Term frequency-inverse document frequency (TFIDF) and Cosine Similarity

Alexander Dunkel, TU Dresden, Institute of Cartography; Maximilian Hartmann and Ross Purves Universität Zürich (UZH), Geocomputation;


•••
Out[1]:

Last updated: Jan-17-2023, Carto-Lab Docker Version 0.9.0

Visualization of TFIDF and Cosine Similarity Values

The values loaded here have been generated outside Jupyter, in a separate process. This notebook only visualizes data.

Preparations

Load dependencies

We continue from notebook 05_countries.ipynb, importing all previously defined methods and top level variables.

In [2]:
import sys
from pathlib import Path
module_path = str(Path.cwd().parents[0] / "py")
if module_path not in sys.path:
    sys.path.append(module_path)
# import all previous chained notebooks
from _05_countries import *
Chromedriver loaded.
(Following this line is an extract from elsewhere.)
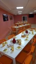 В субботу и в воскресенье в столовой проводят банкеты и фуршеты. Здесь есть два уютных банкетных зала вместимостью 40 и 15 человек, а также можно закрыть полностью всю столовую под ваше мероприятие. Помещение подойдёт для празднование свадьбы или выпускного бала, организации юбилея в кругу родственников или дня рождения с друзьями, для корпоративной вечеринки в честь Нового года, мальчишника по случаю 23 февраля или девичника 8 марта, а также для поминальных обедов.

Svg output enabled.

Activate autoreload of changed python files:

In [3]:
%load_ext autoreload
%autoreload 2

Load aggregate topic data

Data is stored as aggregate HLL data (postcount) for each term.

In [4]:
root = Path.cwd().parents[1] / "00_topic_data"
TERMS_FLICKR_TFIDF = root / "20210202_FLICKR_SUNSET_random_country_tf_idf.csv"
TERMS_FLICKR_COSINE = root / "20211029_FLICKR_SUNSET_random_country_cosine_similarity_binary.csv"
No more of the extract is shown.